The input:
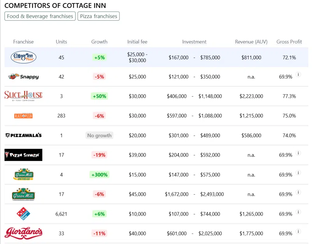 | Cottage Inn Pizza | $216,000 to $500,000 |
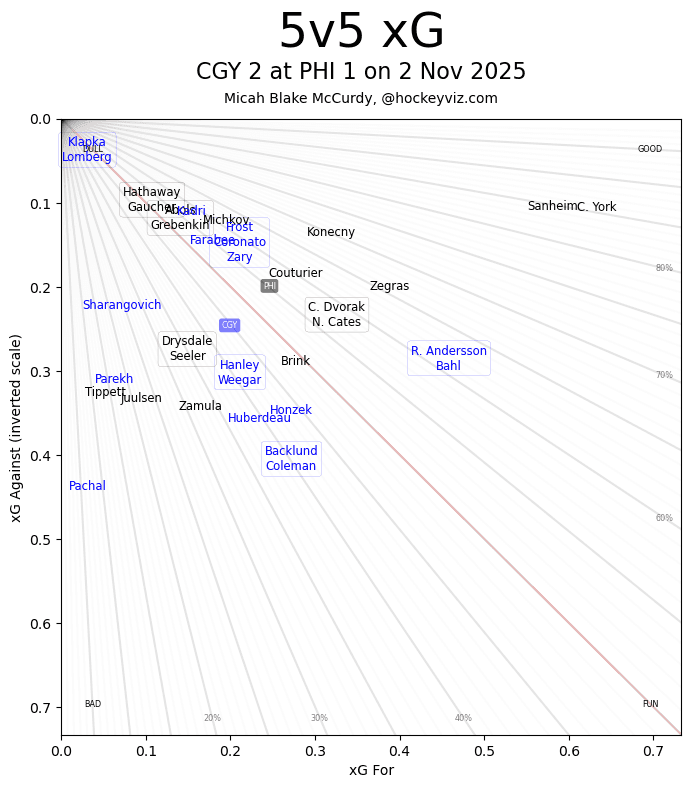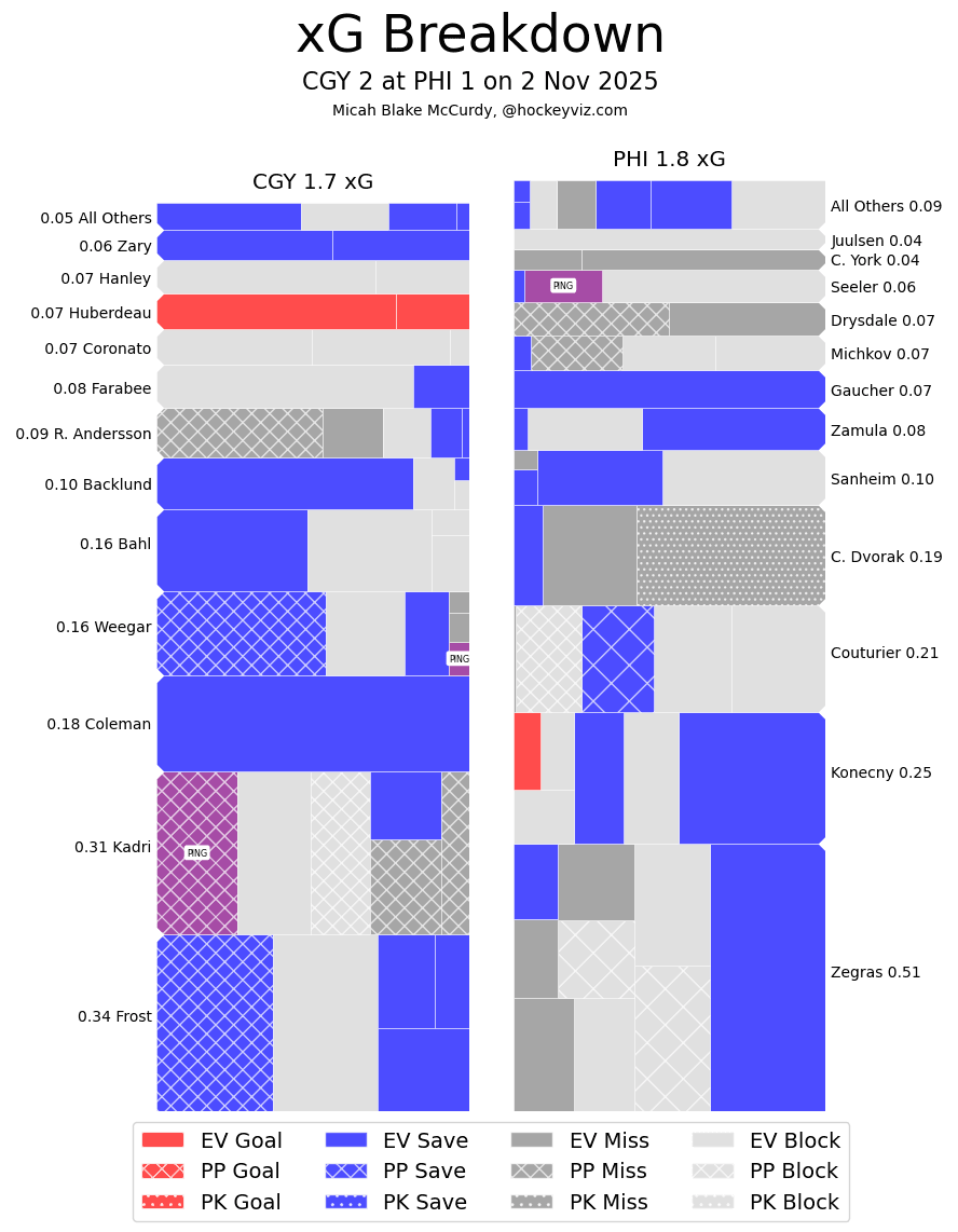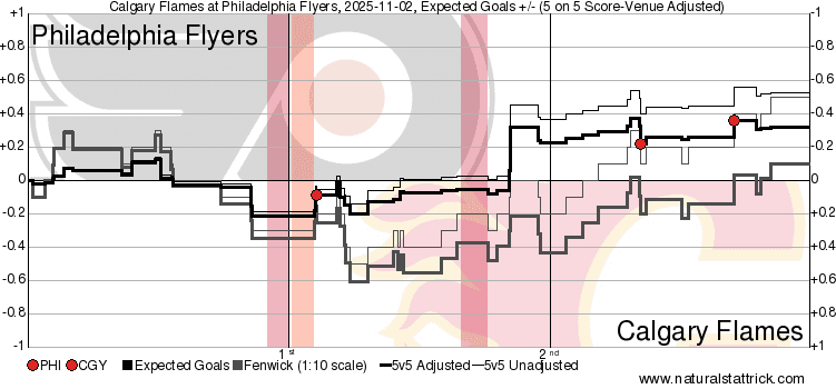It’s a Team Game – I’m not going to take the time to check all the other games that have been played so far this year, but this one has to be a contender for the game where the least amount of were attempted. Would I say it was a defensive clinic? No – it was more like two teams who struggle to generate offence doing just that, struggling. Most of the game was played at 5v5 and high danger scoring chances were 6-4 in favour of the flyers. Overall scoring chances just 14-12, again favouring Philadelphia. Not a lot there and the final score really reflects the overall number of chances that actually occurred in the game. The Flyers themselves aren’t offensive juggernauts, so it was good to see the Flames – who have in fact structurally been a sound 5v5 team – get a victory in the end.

---

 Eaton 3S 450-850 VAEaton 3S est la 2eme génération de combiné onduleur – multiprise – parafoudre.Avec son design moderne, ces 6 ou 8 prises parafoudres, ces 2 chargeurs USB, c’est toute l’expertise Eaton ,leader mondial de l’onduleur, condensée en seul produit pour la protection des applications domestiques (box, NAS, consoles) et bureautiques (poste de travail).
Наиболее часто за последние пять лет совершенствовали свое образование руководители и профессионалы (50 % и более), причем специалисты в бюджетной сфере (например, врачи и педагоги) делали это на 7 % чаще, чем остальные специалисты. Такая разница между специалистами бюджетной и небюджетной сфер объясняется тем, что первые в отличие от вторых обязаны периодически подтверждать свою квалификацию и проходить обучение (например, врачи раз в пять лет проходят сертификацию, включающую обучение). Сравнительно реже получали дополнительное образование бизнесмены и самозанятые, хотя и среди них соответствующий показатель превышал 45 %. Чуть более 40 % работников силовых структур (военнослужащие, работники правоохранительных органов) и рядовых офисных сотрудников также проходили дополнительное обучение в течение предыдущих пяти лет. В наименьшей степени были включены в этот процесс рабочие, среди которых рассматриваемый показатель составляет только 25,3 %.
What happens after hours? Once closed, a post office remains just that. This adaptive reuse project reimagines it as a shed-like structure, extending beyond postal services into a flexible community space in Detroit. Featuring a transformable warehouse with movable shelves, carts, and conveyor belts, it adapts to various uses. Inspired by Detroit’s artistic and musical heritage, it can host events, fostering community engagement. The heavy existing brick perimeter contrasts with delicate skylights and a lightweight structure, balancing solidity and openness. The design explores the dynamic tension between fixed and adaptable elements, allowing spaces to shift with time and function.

...

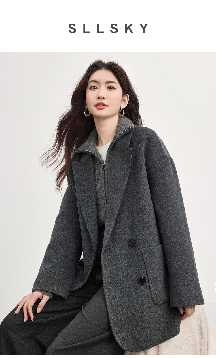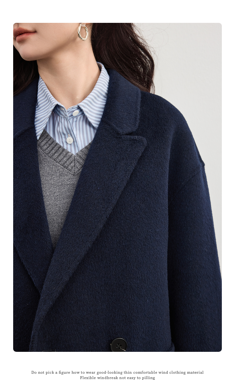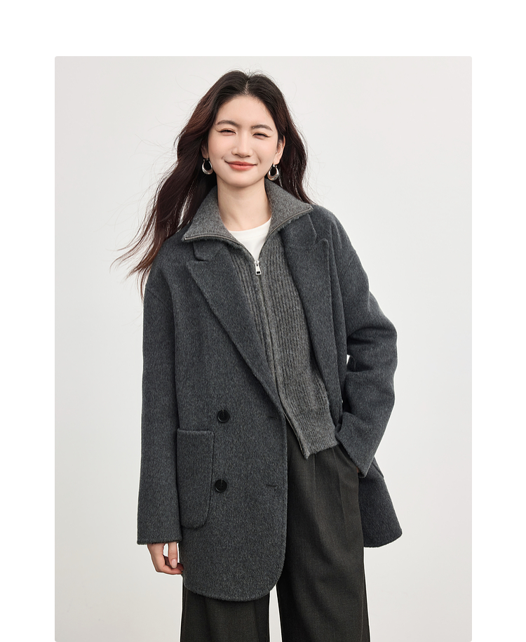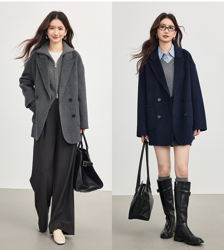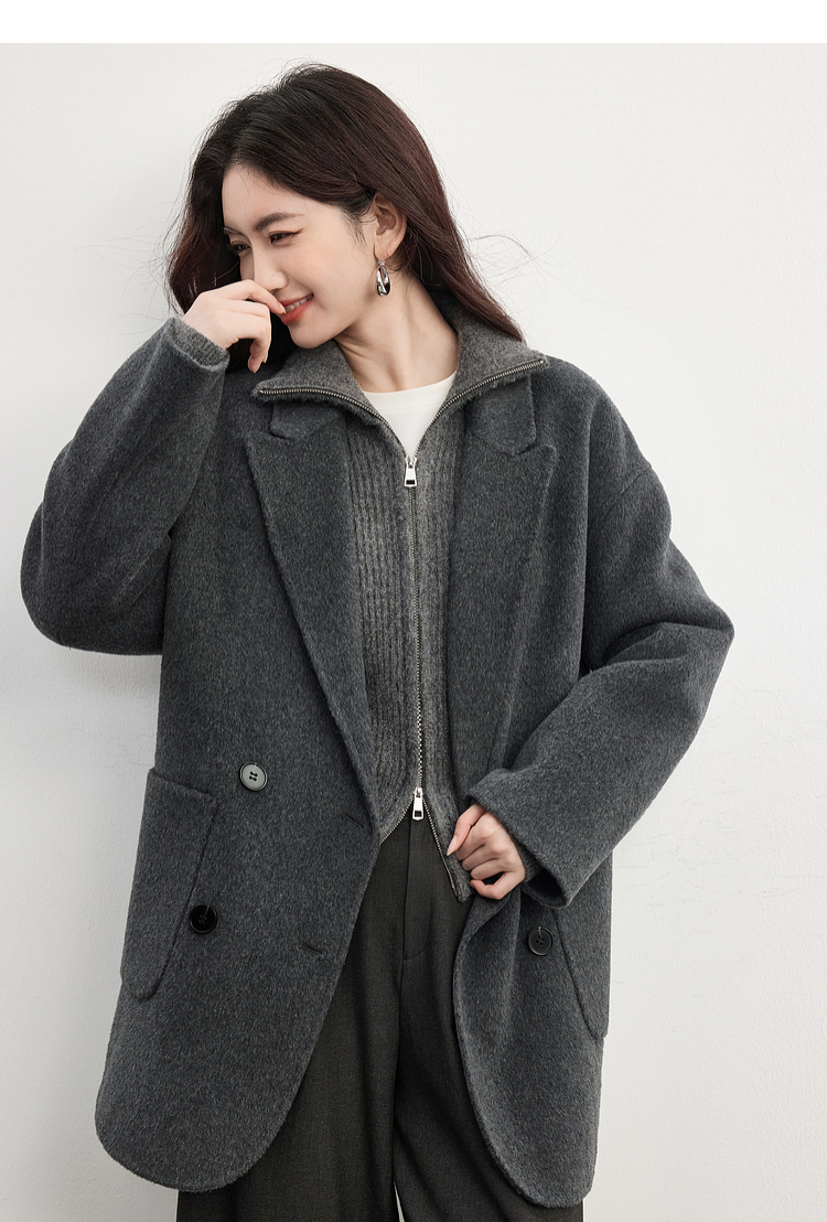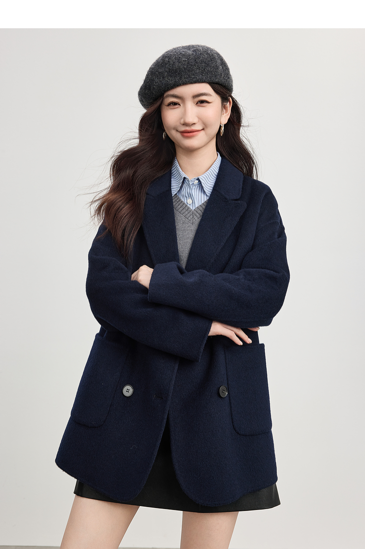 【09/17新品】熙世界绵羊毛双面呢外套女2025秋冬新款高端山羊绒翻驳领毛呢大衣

Exercise: Nothing but a number is expected here: how many lines above include the string "design".

Solution to this task: 2